Task details
Write out the material below again, line for line, without any images.

____

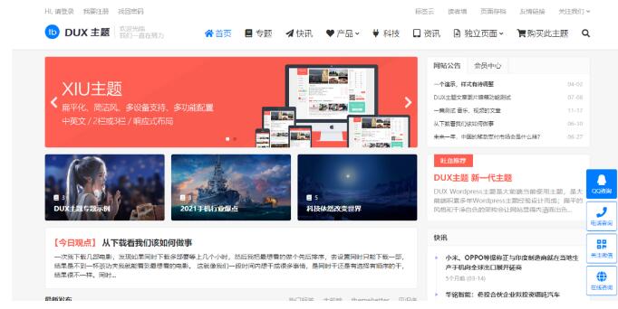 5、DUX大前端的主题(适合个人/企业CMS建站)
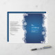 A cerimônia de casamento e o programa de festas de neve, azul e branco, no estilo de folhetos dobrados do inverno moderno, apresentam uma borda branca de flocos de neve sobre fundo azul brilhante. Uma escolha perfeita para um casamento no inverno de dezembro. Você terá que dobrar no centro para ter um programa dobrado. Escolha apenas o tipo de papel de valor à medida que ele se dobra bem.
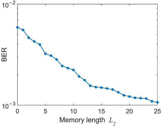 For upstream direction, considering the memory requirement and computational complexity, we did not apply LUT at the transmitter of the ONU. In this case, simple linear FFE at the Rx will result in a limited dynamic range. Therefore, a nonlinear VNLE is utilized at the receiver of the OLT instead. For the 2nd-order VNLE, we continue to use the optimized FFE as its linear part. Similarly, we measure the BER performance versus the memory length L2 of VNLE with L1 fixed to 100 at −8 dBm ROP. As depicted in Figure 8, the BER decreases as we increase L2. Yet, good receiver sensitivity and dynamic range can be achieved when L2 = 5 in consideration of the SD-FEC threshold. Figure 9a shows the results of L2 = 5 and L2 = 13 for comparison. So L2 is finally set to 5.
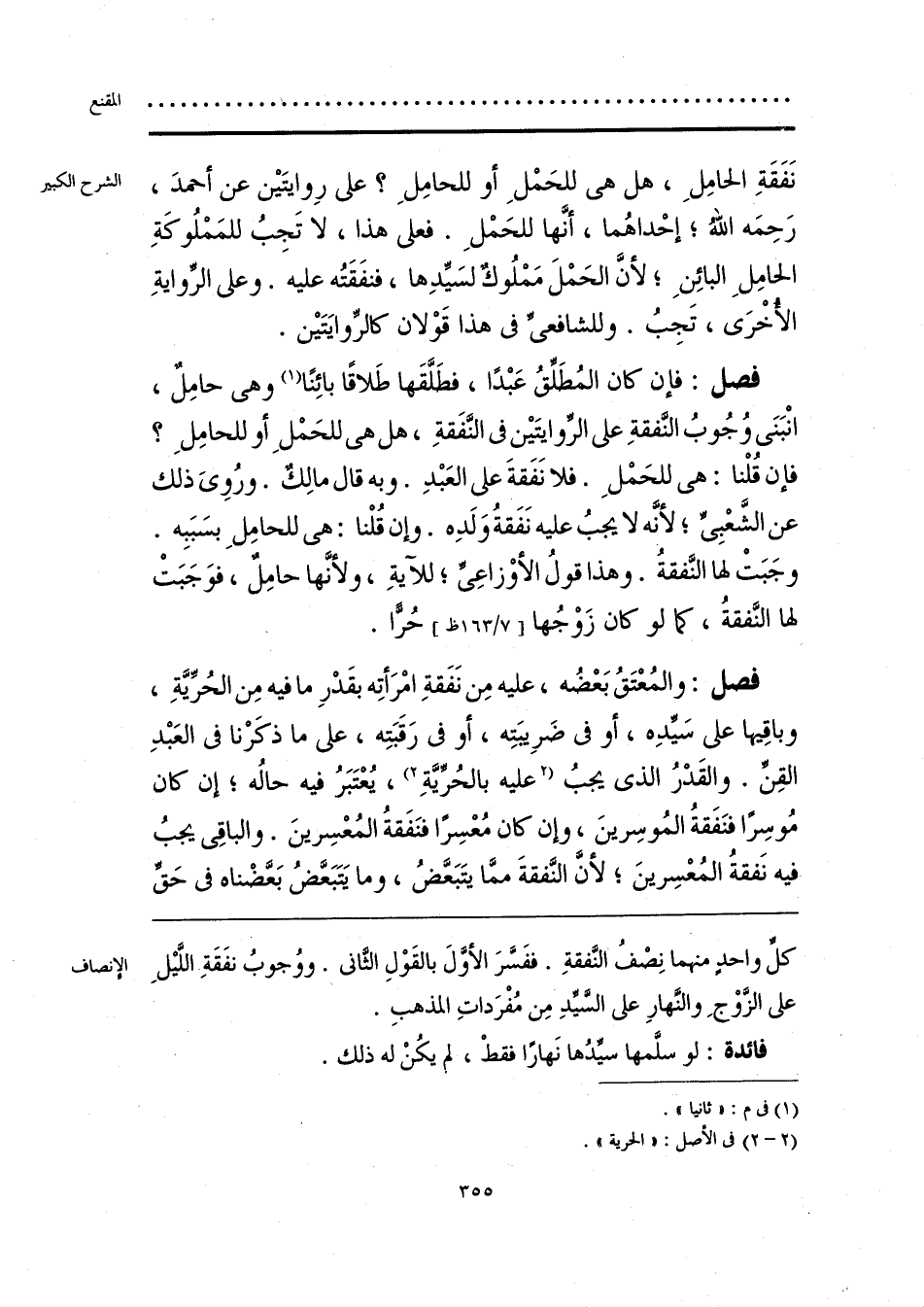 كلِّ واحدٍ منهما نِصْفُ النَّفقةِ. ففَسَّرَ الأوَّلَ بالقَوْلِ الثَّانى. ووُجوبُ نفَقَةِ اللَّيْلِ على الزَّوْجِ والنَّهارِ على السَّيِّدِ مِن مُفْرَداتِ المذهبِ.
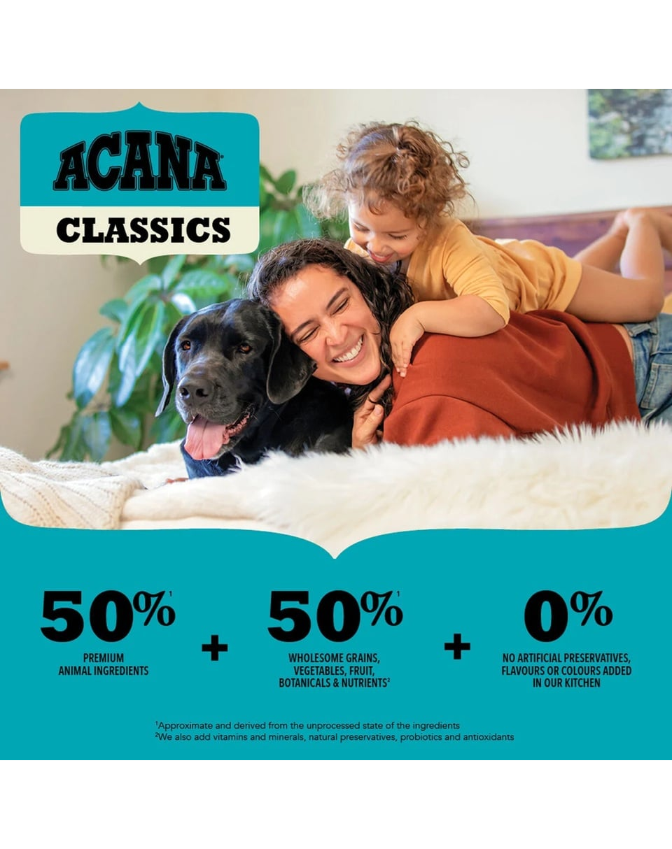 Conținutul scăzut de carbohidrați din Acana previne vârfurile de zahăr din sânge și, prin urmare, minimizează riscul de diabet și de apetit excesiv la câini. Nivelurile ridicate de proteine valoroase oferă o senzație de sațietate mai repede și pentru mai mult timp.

____

Output of the task
 5、DUX大前端的主题(适合个人/企业CMS建站)
 A cerimônia de casamento e o programa de festas de neve, azul e branco, no estilo de folhetos dobrados do inverno moderno, apresentam uma borda branca de flocos de neve sobre fundo azul brilhante. Uma escolha perfeita para um casamento no inverno de dezembro. Você terá que dobrar no centro para ter um programa dobrado. Escolha apenas o tipo de papel de valor à medida que ele se dobra bem.
 For upstream direction, considering the memory requirement and computational complexity, we did not apply LUT at the transmitter of the ONU. In this case, simple linear FFE at the Rx will result in a limited dynamic range. Therefore, a nonlinear VNLE is utilized at the receiver of the OLT instead. For the 2nd-order VNLE, we continue to use the optimized FFE as its linear part. Similarly, we measure the BER performance versus the memory length L2 of VNLE with L1 fixed to 100 at −8 dBm ROP. As depicted in Figure 8, the BER decreases as we increase L2. Yet, good receiver sensitivity and dynamic range can be achieved when L2 = 5 in consideration of the SD-FEC threshold. Figure 9a shows the results of L2 = 5 and L2 = 13 for comparison. So L2 is finally set to 5.
 كلِّ واحدٍ منهما نِصْفُ النَّفقةِ. ففَسَّرَ الأوَّلَ بالقَوْلِ الثَّانى. ووُجوبُ نفَقَةِ اللَّيْلِ على الزَّوْجِ والنَّهارِ على السَّيِّدِ مِن مُفْرَداتِ المذهبِ.
 Conținutul scăzut de carbohidrați din Acana previne vârfurile de zahăr din sânge și, prin urmare, minimizează riscul de diabet și de apetit excesiv la câini. Nivelurile ridicate de proteine valoroase oferă o senzație de sațietate mai repede și pentru mai mult timp.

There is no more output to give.